[Start of Attachment]
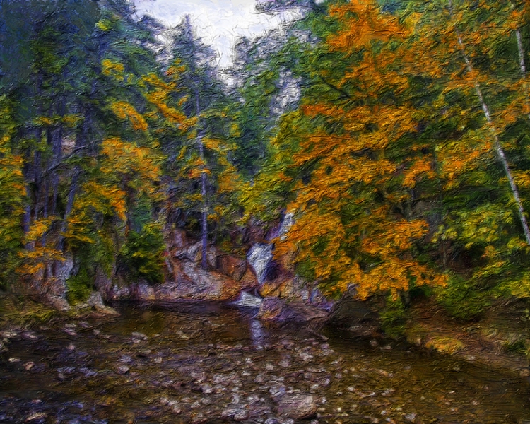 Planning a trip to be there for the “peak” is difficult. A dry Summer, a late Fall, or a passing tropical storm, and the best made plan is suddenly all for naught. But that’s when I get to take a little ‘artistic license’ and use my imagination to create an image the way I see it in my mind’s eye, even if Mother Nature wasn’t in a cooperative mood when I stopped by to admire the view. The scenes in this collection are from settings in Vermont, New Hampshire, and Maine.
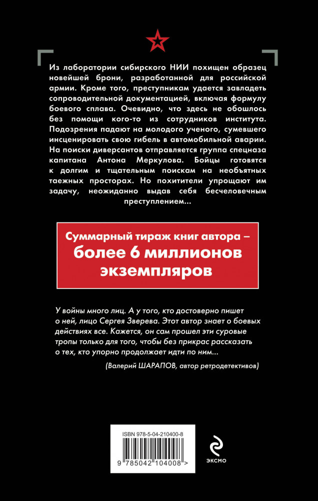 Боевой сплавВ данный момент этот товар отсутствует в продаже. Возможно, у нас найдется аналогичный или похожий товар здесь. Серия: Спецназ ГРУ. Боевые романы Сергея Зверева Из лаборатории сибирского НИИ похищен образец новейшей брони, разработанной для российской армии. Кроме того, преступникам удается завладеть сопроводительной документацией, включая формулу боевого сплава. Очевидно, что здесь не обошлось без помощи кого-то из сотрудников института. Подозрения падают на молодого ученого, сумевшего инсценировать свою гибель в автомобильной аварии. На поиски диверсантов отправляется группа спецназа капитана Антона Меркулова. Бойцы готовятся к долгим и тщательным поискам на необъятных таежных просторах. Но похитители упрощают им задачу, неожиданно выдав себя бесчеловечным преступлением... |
[End of Attachment]
[Start of Attachment]
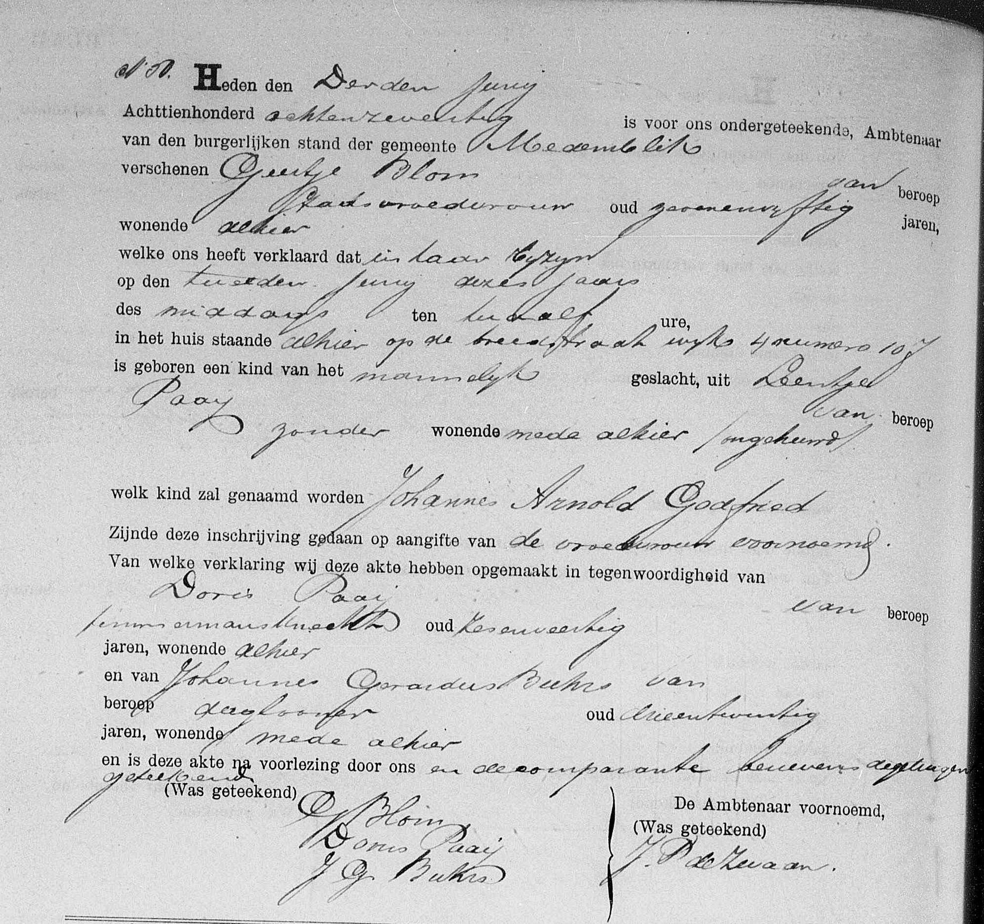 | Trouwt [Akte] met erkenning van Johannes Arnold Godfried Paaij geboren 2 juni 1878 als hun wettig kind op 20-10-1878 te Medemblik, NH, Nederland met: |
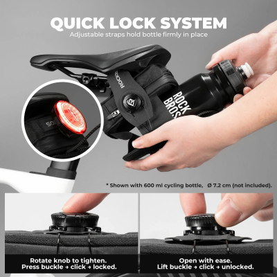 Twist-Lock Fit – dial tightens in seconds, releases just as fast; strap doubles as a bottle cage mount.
[End of Attachment]
● Problem to solve
If a picture sits between the line containing "Planning a trip" and the line containing "Боевой сплавВ данный", leave it out, and return the lines of that range above exactly, both ends included.

● Answer to this exercise
 Planning a trip to be there for the “peak” is difficult. A dry Summer, a late Fall, or a passing tropical storm, and the best made plan is suddenly all for naught. But that’s when I get to take a little ‘artistic license’ and use my imagination to create an image the way I see it in my mind’s eye, even if Mother Nature wasn’t in a cooperative mood when I stopped by to admire the view. The scenes in this collection are from settings in Vermont, New Hampshire, and Maine.
 Боевой сплавВ данный момент этот товар отсутствует в продаже. Возможно, у нас найдется аналогичный или похожий товар здесь. Серия: Спецназ ГРУ. Боевые романы Сергея Зверева Из лаборатории сибирского НИИ похищен образец новейшей брони, разработанной для российской армии. Кроме того, преступникам удается завладеть сопроводительной документацией, включая формулу боевого сплава. Очевидно, что здесь не обошлось без помощи кого-то из сотрудников института. Подозрения падают на молодого ученого, сумевшего инсценировать свою гибель в автомобильной аварии. На поиски диверсантов отправляется группа спецназа капитана Антона Меркулова. Бойцы готовятся к долгим и тщательным поискам на необъятных таежных просторах. Но похитители упрощают им задачу, неожиданно выдав себя бесчеловечным преступлением... |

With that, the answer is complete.